The city proposed a one-cent sales tax to fund the efforts. To gain support from business interests, primarily the Fort Smith Chamber of Commerce, the city agreed that state tourism turnback funds to support a newly expanded convention center would not be mingled with the city’s general revenue fund.

But mingling happened.

Beginning in 2003, the city has funneled more than $3.4 million of convention center revenue into the library system ($1.125 million since 2003), the city’s parks department ($976,726 since 2003) and senior citizens programs ($1.3 million since 2003).

City officials estimate combined 2009 and 2010 convention center revenues of more than $1.44 million, which means that by 2010, the city will have drained more than $4.8 million away from the convention center to fund non-tourism related projects and organizations.

Ray Gosack, Fort Smith deputy city administrator, doesn’t at all see a problem with the way the city has managed convention center funds. What’s more, he’s not sure about any promises to the business community with respect to convention center revenues.

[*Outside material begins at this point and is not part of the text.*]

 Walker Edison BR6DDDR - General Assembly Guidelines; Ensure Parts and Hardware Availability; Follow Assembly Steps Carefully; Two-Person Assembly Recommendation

Gosack notes that prior to the convention center renovation and the turnback funds, the city subsidized convention center operations with general funds — or, in other words, the convention center revenue and expenditures have never been fully autonomous from city coffers.

THE TURNBACK PROGRAM
The tourism turnback fund was created under the 1977 City-County Tourist Meeting and Entertainment Facilities Assistance Law. It was amended in 2001 under Act 1073, sponsored by State Rep. Jodie Mahony, D-El Dorado. The amendment changed the law so that annual line-item requests by each city or organization seeking tourism turnback funding was replaced by a set amount for a certain number of years. Not only did the Act greatly streamline the process, it essentially limited the tourism turnback funds to nine cities and organizations and put an expiration date on the program.

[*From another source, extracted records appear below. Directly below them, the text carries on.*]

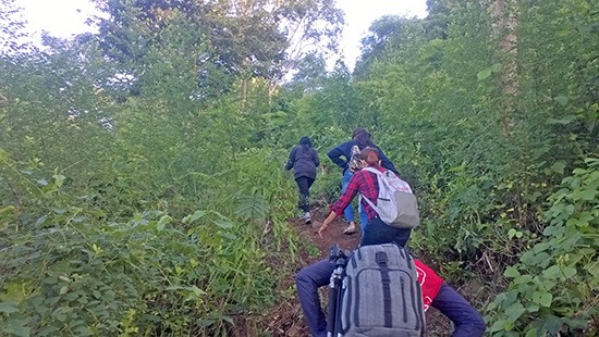 Dan akhirnya mulailah perjalanan yang penuh keringat, nafas yang ngos-ngosan, dan paha yang mulai disuruh bekerja keras untuk mengangkat badan. Jadi untuk kenyaman selama perjalanan, dianjurkan untuk memakai sepatu atau sandal gunung bukan sandal gaul apalagi highheel #eh.
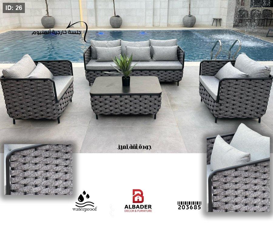 أضف لمسة من التميز والراحة لمنزلك مع طقم الجلسة الخارجية المصنوع من الألمنيوم بنظام الحبال المنسوجة الفاخرة. تصميم يجمع بين القوة والجمال ليكون الخيار الأفضل لحديقتك أو الترس.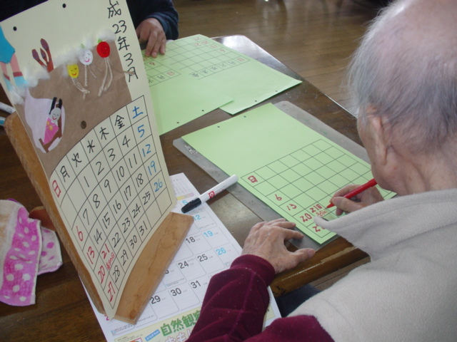 用意された専用画用紙に翌月の日付を書き込み(手先の運動と頭の体操を考慮)空いてるスペースへ四季折々の風物詩を用意されたパーツの貼り付けや、直に書き込んで、デザインを完成させる活動です。完成したカレンダーは、その日で持ち帰っています。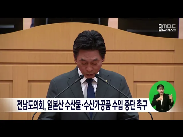 전남도의회는일본 후쿠시마 원전 오염수 방류에 대응하기 위해 일본산 수산물과 수산가공품 수입중단을 요구하는 건의안을 채택했습니다. 전남도의회는 국민의 알권리와 안전을 위해일본산 수산물과 수산가공품에 대한 수입규제 조치를 견고하게 유지하고, 수입금지 확대 등 확실한 대안을 마련해야한다고 촉구했습니다.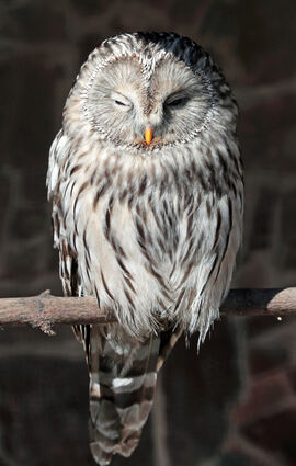 Der Habichtskauz sitzt in seiner gewohnten Umgebung.

From 2001 to 2016, the state is expected to spend $94.29 million on the program, according to information from Debbie Rogers, who manages the program for the Arkansas Treasurer’s office. Most of the nine cities and organizations eligible for tourism turnback funds under Act 1073 see their funding end by 2010. The city of Little Rock is scheduled to receive funds through 2016, and should collect more than $13.4 million between 2009 and 2016.

THE FORT SMITH SHORTFALL
Fort Smith officials were in early 2001 interested in developing a “spending/savings plan” with the tourism turnback funds to be received from the newly revamped turnback program. An e-mail from then Assistant City Director Dean Kruithof informed key members of the city staff, including Gosack and then City Administrator Bill Harding, that Fort Smith would get about $1.8 million annually through 2010 for the newly renovated convention center.

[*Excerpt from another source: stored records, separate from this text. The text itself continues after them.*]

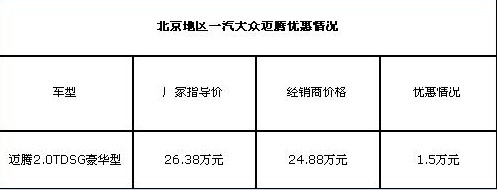 6、大眾邁騰2.0T優(yōu)惠1.5萬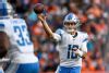 DENVER, CO - DECEMBER 22: David Blough #10 of the Detroit Lions passes against the Denver Broncos in the first quarter of a game at Empower Field at Mile High on December 22, 2019 in Denver, Colorado. (Photo by Dustin Bradford/Getty Images)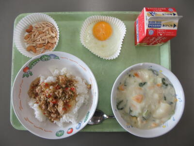 ・ガパオライス ・牛乳 ・チンゲンサイの米粉クリームスープ ・ミックスナッツ

“Keep in mind the Legislature will review the funding formula and make an appropriation every session, so while this is supposed to be a 10-year commitment, we should not take these funds for granted,” Kruithof wrote in the concluding sentence of his April 23, 2001 e-mail memo.

The biggest problem facing the city is that its portion of the state’s tourism turnback funds are set to expire in 2010. Between 2001 and 2007, the city collected $13.23 million in turnback funds, with $4.36 million of that used to help pay down the 1997 sales and use tax bond debt. Proceeds from turnback funds between 2008 and 2010 are estimated at $4.47 million.

A second problem created from the expiration of turnback funds is that convention center expenses are considerably higher than convention center revenue. Convention center expenses in 2006 ($1.46 million) and 2007 ($1.87 million) were 58.6 percent higher and 66.7 percent higher, respectfully, than revenue in those years.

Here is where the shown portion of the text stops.